Cette courte vidéo ne devrait jamais être regardée par les membres du comité d'enquête, allègue le juge Girouard, puisque cela violerait le principe de la confidentialité des relations clients-avocat.

Le 17 septembre 2010, Michel Girouard, alors avocat criminaliste bien en vue en Abitibi, se rend au club vidéo d'Yvon Lamontagne, partenaire criminel de Denis Lefebvre, un des trois évadés d'Orsainville, arrêté et accusé de trafic de stupéfiants.

Michel Girouard et Yvon Lamontagne parlent durant une dizaine de minutes dans le bureau, la porte ouverte. 

À un moment, Me Girouard glisse une enveloppe à Lamontagne. Il dira au CCM, en janvier 2013, qu'il voulait rembourser au commerçant l'achat de vidéos dont il préférait que la nature n'apparaisse pas à son dossier client.

Les images de cette rencontre, comme toutes celles captées dans le bureau de Lamontagne, se sont retrouvées entre les mains des enquêteurs du projet Écrevisse.

Dans un bref témoignage lundi, le juge Girouard n'a pas fait référence au paiement de films. 

Il a simplement maintenu que le seul but de sa visite à Lamontagne était de discuter d'un dossier de nature fiscale. 

Le magistrat a souligné que dans un petit milieu comme l'Abitibi, la diffusion de telles images peut avoir des conséquences énormes. «Si quelqu'un pense que ça n'a pas d'impact sur ma vie privée, sur celle de ma femme et de mes enfants, ils sont dans l'erreur», a commenté le juge Girouard, d'une voix empreinte d'émotion.

Le comité d'enquête devrait annoncer aujourd'hui si la vidéo est admissible en preuve.

Une allégation principale

D'entrée de jeu, le comité d'enquête du conseil canadien de la magistrature, présidé par le juge en chef du Manitoba Richard Chartier, a annoncé son intention de se concentrer uniquement, pour le moment, sur la transaction alléguée au club vidéo, survenue alors que l'avocat attendait d'accéder à la Cour supérieure.
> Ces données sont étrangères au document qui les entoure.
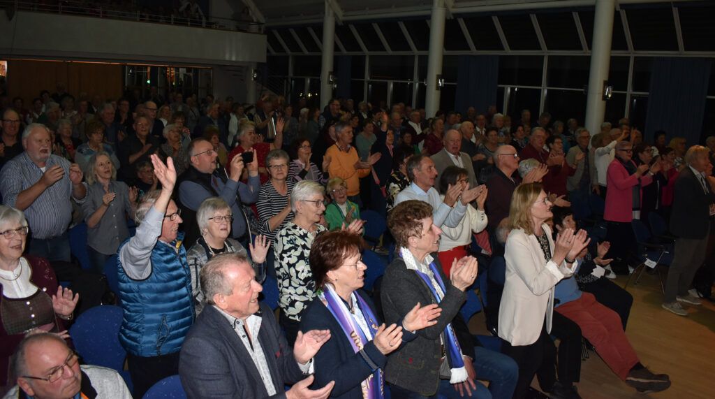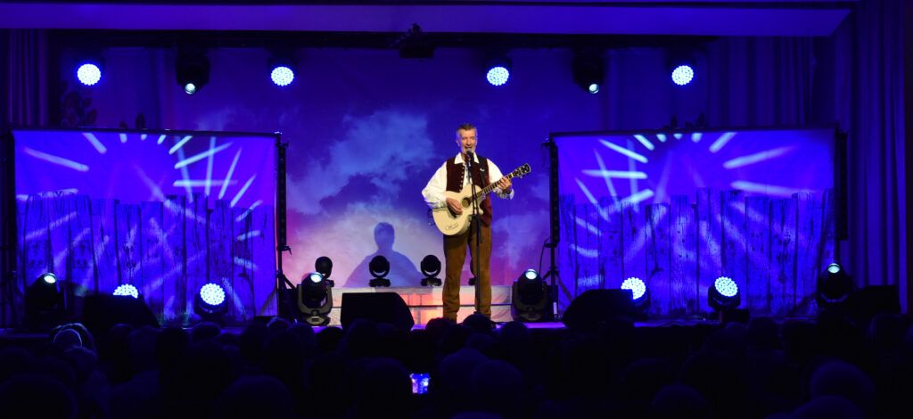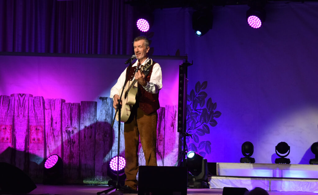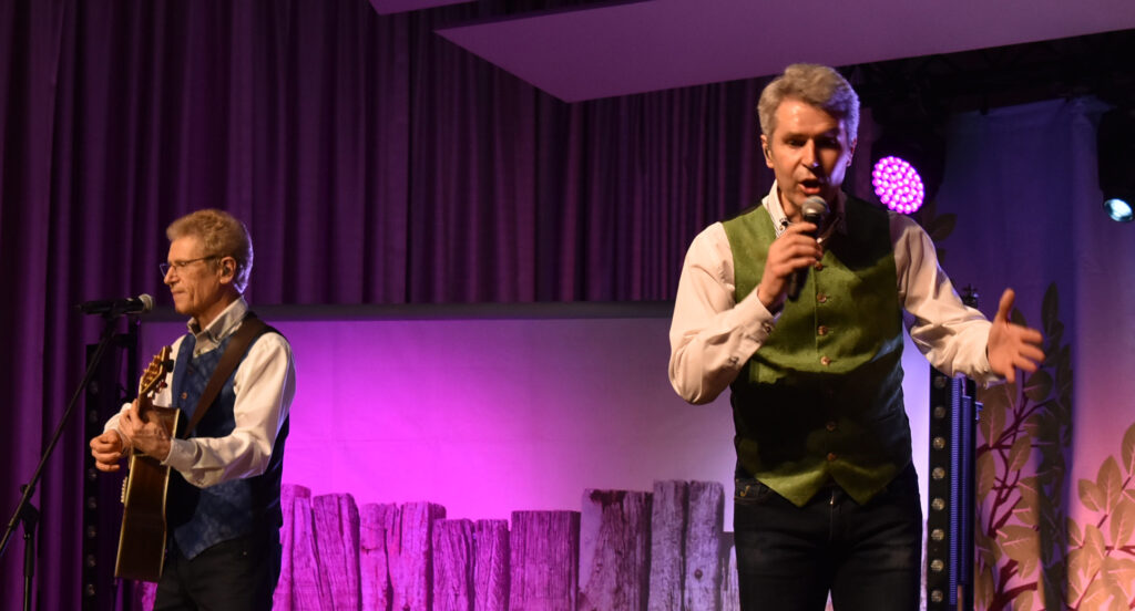 Zusammen mit Nadin aus Berlin sang Oswald von der Alm „Komm, ich zeig Dir die Berge“, passend zur Berlinerin, obwohl Nadin viel in Südtirol ist, auch dort 2023 geheiratet hat, wie sie erzählt. Das Finale des 1. Teil des Abends aller Künstler zusammen war grandios: Verschiedene Wander- und Berglieder wurden gemeinsam mit dem Publikum gesungen. Für unter-40-Jährige hätte es mit den Texten wohl gehapert, aber so erfüllte munterer Gesang den schönen Wurzacher Kursaal.

Au total, le juge Girouard doit répondre de cinq chefs regroupés dans un avis d'allégations déposé par l'avocate indépendante MMarie Cossette, spécialisée dans les commissions d'enquête.

L'avocate indépendante a insisté sur le fait que jamais Michel Girouard n'a été visé par les enquêteurs de la Sûreté du Québec affectés au projet Écrevisse. 

Suspendu depuis 2012

Juge résident à Rouyn-Noranda, Michel Girouard a été suspendu de ses fonctions depuis le dépôt de la plainte au CCM, en novembre 2012.

Au terme de l'enquête publique, dont l'audition est prévue jusqu'au 15 mai, le comité sera chargé de décider si le juge Girouard s'est rendu inapte à exercer sa fonction et s'il doit être destitué.

Aucune réponse obtenue lors de l'enquête n'est admissible en preuve pour une cause criminelle.

Interpellé par les médias après la pause du dîner, le juge Michel Girouard a dit «avoir confiance au comité».